Jon Snow falls, bouncing as he goes toward the ground below which he reaches in a broken bleeding puddle.
Drogon, unhurt, blows a stream of fire at the prone body, roars in fury and launches himself eastward across the ocean maybe aware he was now free also.
\***
As Jon Snow dies, the lords and ladies vote to make Sansa Queen. She rules fair and right, as do her line for generations.
\***
Jon though finds himself exhausted and on horseback. The air is cold. He feels like he must have fallen asleep but can’t quite place where it is he may be going. Longclaw bounces whole again against his hip as he rides. He is wearing his best black leathers.
He rides hardly noticing the other horse riders. He goes with the flow sure at the end is another battle.
Instead, through the cold snowy mist, a black gate emerges. To Jon, it looks ancient. Giant and looming, decorated with an infinities worth of smiling skulls.
Through it, a never-ending line of people move. Some walk, ride horses, or other animals, some in trundle along in wagons.
Aware now how crowded the road is he tries to pay closer attention.
The mount next to him bumps him and he finds himself looking it to the smiling face of a well-aged Tormund Giantsbane.
The Wildling roars with laughter and claps Jon on the back, “and to think a king like me gets killed fucking a bear for the privilege of nursing from a giant’s teat.”

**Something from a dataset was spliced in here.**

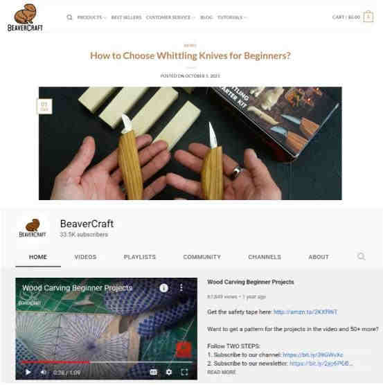BeaverCraft制作的站外优质内容包括社交媒体的官方账号发帖、视频及博客,内容主题是发烧友感兴趣的深度内容,如工具对比、雕刻教程。这样的内容由于质量高、关键词精准,吸引了不少精准自然流量。

Jon realizes for the first time in years he doesn’t hurt. That the people riding around him were all the people from his life. Ned turns and faces him from several horses up. The man he knew as father smiles before turning back to ride through the gate and into the white fog beyond.
“Am I..”
“Dead, aye,” Tormund says launching a booming laugh that bounces off the wall that stretches off from the gate into endlessness on both sides.
“And through there is…”
“The Forest of the Old Gods I believe, but I don’t know though, have never died before.”
Just then Robb races by on a black mare and Jon knows he was wrong.
“Hero in life can’t ride for spit in death.”
And Jon smiles for what he thinks must be the first time since he was forced to kill Ygritte and spurs his horse, not to beat his brother but to ride with him through the gates and into the afterlife.